Gaji karyawan sejak bulan Desember 2013 hingga Januari 2016, gajinya baru karyawan PT. Merpati Nusantara Airlines (Perseo) diperhitungkan dan baru dibayarkan di bulan April 2016;
b. Nilai Pesangon yang didapatkan oleh tiap-tiap karyawan akibat dilakukannya Pemutusan Hubungan Kerja melalui penawaran Program P5.
Setelah dihitung, Nilai Pesangon yang diterima karyawan melalui paket tersebut ternyata di bawah nilai pesangon sebagaimana diatur oleh peraturan perundang-undangan terkait. Nilai pesangon karyawan yang diajukan kebanyakan sebesar 85%-95% dari nilai pesangon yang sesuai dengan perhitungan perundang-undangan.
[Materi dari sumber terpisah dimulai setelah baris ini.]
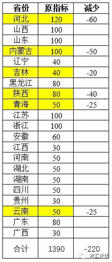 黃色區(qū)域包含河北等6省,按照50%的量條件,之前發(fā)放的2018年13.9GW的光伏電站指標(biāo)將縮減2.2GW至11.7GW,具體如下表所示。
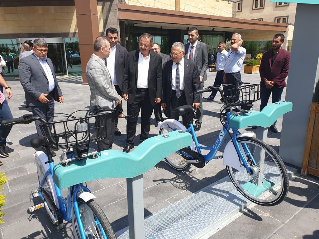 Kayseri Büyükşehir Belediye Başkanı Dr. Memduh Büyükkılıç, Nevşehir’de düzenlenen Yerel Yönetimler İstişare ve Değerlendirme Bölge Toplantısı’na katıldı. Toplantıya AK Parti Yerel Yönetimlerden Sorumlu Genel Başkan Yardımcısı Mehmet Özhaseki de iştirak etti. Büyükşehir Belediye Başkanı Dr. Memduh Büyükkılıç, ilçe belediye başkanları ile birlikte Yerel Yönetimler İstişare ve Değerlendirme Bölge Toplantısı’na katılmak üzere Nevşehir’e gitti. Başkan Büyükkılıç, toplantıya katılan AK Parti Genel Başkan Yardımcısı Mehmet Özhaseki ile de bir araya gelerek sıcak ve samimi bir görüşme gerçekleştirdi. AK Parti Yerel Yönetimler İstişare ve Değerlendirme Bölge Toplantısı’nda Kayseri Büyükşehir Belediyesi’nin örnek projeleri de tanıtıldı. Bu projelerden birisi olan ve tüm Türkiye’de örnek gösterilen Kayseri’nin bisiklet paylaşım sistemi KAYBİS hakkında katılan belediye başkanlarına bilgiler verildi. 2011 yılında devreye alınan ve şehrin 51 noktasında istasyonu bulunan KAYBİS, bölgedeki belediye başkanlarınca ilgiyle takip edildi.

Kemudian 20% dari nilai pesangon sebagaimana disebutkan di atas, dibayar oleh PT. MNA secara tunai dan sisanya dikonversikan oleh PT. MNA dalam bentuk Surat Pengalman Utang (SPU);
c. Dana Pensiun PT. MNA yang menjadi pengurang pesangon beberapa karyawan PT. MNA yang dipotong pada tahun 2016. Padahal Dana Pensiun PT. MNA sudah dinyatakan likuidasi bulan Februari 2015;
d. Surat Pengakuan Utang terkait keikutsertaan asuransi bagi karyawan di PT. MNA.
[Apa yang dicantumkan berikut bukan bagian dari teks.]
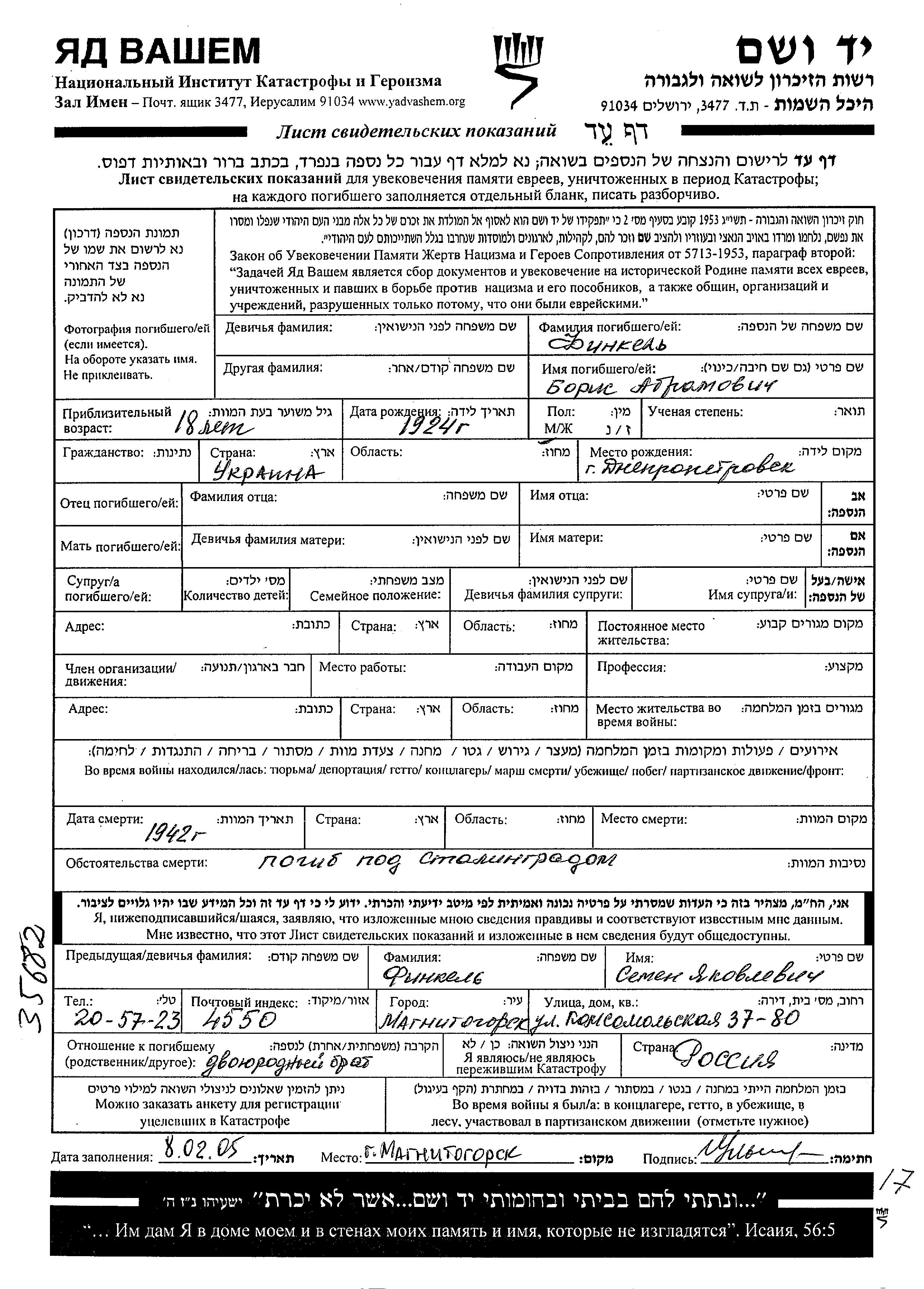 Финкель Борис 1924 место не указано, Лист свидетельских показаний

e. Pensiunan bulanan bagi para PURNA BHAKTI PT. MNA yang terhenti sejak Januari 2015 akibat dibubarkannya /dilikuidasi Dana Pensiun PT. MNA (Dalam LIKUIDASI).
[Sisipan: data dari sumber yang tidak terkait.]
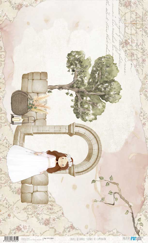 PFY-13561 – Papel Arroz 54×33 cm 25-30 gr. (Sueños De Comunión Niña Pelirroja) – pack 6 ud.
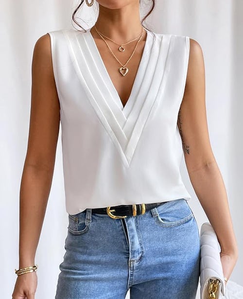 With a built-in padded shelf bra, this racerback tank top ensures you can go braless and still maintain support. You won’t have to deal with exposed bra straps — and the ribbed fabric, V-neckline, and decorative henley-style buttons ensure it’s as chic as it is practical.
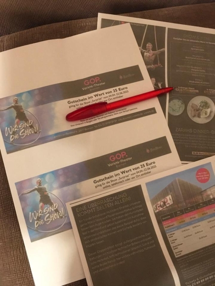 Die Gutscheine haben jeweils einen Wert von 25,-€ und sind für die Show Surprise, also noch bis 22.06.25 einlösbar.
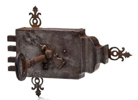 BELLE SERRURE en fer forgé, la platine rectangulaire et à décor d'un culot

Berdasarkan uraian di atas, maka negara khususnya Presiden, Menteri BUMN, dan Komnas HAM untuk memfasilitasi merekomendasikan agar hak-hak ex Pilot, Air Cabine, dan pegawai lain PT.MNA dapat terbayarkan, yaitu :
1. Utang sisa pesangon untuk (kurang lebih 130 (seratus tiga puluh) orang sebesar kurang lebih Rp. 157.000.000.000,-( seratus lima puluh tujuh milyar)(proses verifikasi);
2. Utang sisa dana pensiun (dalam proses perhitungan dan verifikasi oleh Tim Advokasi);
3. Mengembalikan dana pensiun yang menjadi potongan pesangon pada tahun 2016 padahal bulan Februari 2015, Dana Pensiun PT. MNA sudah dinyatakan dilikuidasi atau sudah dibubarkan. (Dalam proses perhitungan dan verifikasi oleh Tim Advokasi).
4. Utang Pembayaran Asuransi sebesar +-$9,000 Amerika yang dikonversikan PT.MNA dalam bentuk Surat Pengakuan Utang kepada 1 (satu) orang pilot.
Dibawah ini Surat dari Capt. Eddy Sarwono (eks karyawan MNA) :
Melawan Lupa, Merpati Nusantara Airlines.
Capt. Eddy Sarwono (eks karyawan MNA) Saya pilot, pensiunan Merpati Nusantara Airlines, setelah lulus pendidikan penerbang di LPPU Curug, pada Nopember 1977, saya bergabung dgn MNA.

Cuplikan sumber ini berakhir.